After the Wave: Finding Stillness Post-Residency
After an intense summer spent in motion — creating new work during an artist residency, preparing an online exhibition, and taking part in a trio show with artists who also work with recycled materials — I find myself in a different kind of studio now: one made of stillness. The pace has shifted. The urgency that carried me through months of making has quieted, and in its place is a softer, slower rhythm that asks for attention of a different kind.
Residencies often exist in their own kind of time. They compress and expand simultaneously — each day feels dense with possibility, yet the weeks slip past almost too quickly to grasp. During my residency, I was completely immersed in material exploration and the physical act of making. My apartment smelled of and was covered in seaweed — waiting in the refrigerator, soaking in my sink or on the counter, drying on a rack, slowly being woven on my kitchen floor or table. Needless to say, during this time I only invited open-minded, curious company into my apartment! Ha!
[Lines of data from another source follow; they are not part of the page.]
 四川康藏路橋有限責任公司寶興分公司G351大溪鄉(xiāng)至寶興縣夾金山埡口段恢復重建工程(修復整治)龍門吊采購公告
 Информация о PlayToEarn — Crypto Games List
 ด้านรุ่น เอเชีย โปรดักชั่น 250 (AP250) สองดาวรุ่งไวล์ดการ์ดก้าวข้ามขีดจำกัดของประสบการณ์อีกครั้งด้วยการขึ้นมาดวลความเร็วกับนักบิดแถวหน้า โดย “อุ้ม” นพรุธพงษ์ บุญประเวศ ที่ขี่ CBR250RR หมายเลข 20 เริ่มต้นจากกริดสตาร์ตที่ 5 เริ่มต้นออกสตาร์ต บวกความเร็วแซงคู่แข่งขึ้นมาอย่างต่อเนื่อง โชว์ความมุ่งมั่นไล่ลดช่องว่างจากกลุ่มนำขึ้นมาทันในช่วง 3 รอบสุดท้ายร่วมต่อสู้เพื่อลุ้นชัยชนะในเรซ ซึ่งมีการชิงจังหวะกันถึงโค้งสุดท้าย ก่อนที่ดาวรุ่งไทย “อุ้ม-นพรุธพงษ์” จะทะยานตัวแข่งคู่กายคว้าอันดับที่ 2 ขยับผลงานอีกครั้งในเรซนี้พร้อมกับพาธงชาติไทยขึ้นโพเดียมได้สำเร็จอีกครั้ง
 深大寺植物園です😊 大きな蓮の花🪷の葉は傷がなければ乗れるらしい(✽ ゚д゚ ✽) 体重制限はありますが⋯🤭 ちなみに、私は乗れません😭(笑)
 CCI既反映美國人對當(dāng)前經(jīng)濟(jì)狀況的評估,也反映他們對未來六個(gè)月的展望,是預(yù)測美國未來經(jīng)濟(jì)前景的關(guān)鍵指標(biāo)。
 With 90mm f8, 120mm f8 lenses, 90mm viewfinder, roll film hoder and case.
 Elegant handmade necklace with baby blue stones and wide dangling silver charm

The momentum carried forward into the exhibitions that followed. Seeing the work leave the studio and enter public space — both digitally and physically — brought a kind of closure, but also a peculiar disorientation. The energy of creating and sharing is both exhilarating and depleting. After everything quieted, I realized how much I had been holding.
There’s a temptation to rush to the next project, to stay in motion so the momentum doesn’t fade. I wish I could say that I naturally paused. Instead, I fell ill the eve of the trio exhibition and was in bed for the next two weeks. I’ve come to see that the pause is not an interruption — it’s part of the rhythm. This is the composting stage of creativity. The space where things quietly decompose, recombine, and prepare to take new shape.
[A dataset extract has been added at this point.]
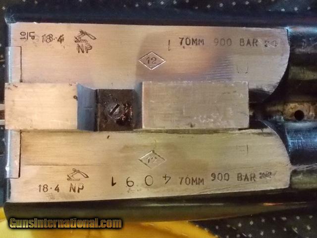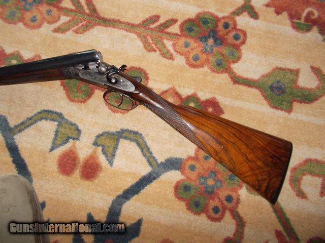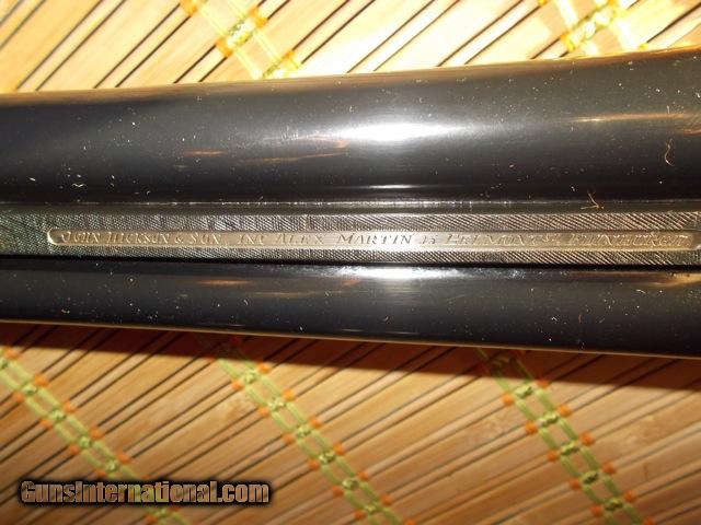 Description: 1887 John Dickson Hammer Gun: Re-barreled, 30 inch steel, chopper lump barrels, London proofs, 2001 2 3/4 inch, (70mm), 900 BAR. SN 4091. Chokes R. .001 L. .021. Beautiful figured wood, no cracks, chips. There is one small plug repair in forend, barely visible. Stock measurements are LOP 14 3/8, DAC 1 5/8, DAH 2 3/8, Cast off approx. 1/4 inch. The butt plate is the original horn plate. Gun is clean, tight on face, and a great shooter for game and much fun for "clays." The face of the right hammer shows a little more wear than the left, as typical of old hammers, but both locks/hammers function perfectly with good trigger pulls. The new barrels, according to a letter from Dickson, are not Dickson. But Dickson says that they do match the specs of the original 30 inch barrels as they were also 30" steel and with similar chokes. In that day, steel was not yet as preferred as damascus barrels. Wt. 6' 10oz. SOLD Curio/Relic: Yes |

Now, in this pause, I’m noticing the small things again: the sound of waves, the shifting color of light in the studio, the textures of leftover algae fibers waiting to be reimagined. This slowing down isn’t a retreat from artmaking — it’s a continuation of it in another form. Just as materials transform through time, rest is its own form of transformation. It allows the unseen connections to surface, the threads between ideas to weave themselves without force.
I am so thankful for the residency with GlogauAIR, and the collaborative exhibition with Sorrel Penelo and Sarah Zbidi. Both opportunities provided support which helped me to explore new materials, ideas, and ways of connecting to the audience. These experiences reminded me that art is sustained not only by solitary moments in the studio getting lost in the making, but also by the shared spaces, generous help, and exchange of ideas. As I let these recent experiences settle, I carry forward a deeper sense of gratitude — for the people, places, and materials that continue to shape the evolving rhythm of my practice.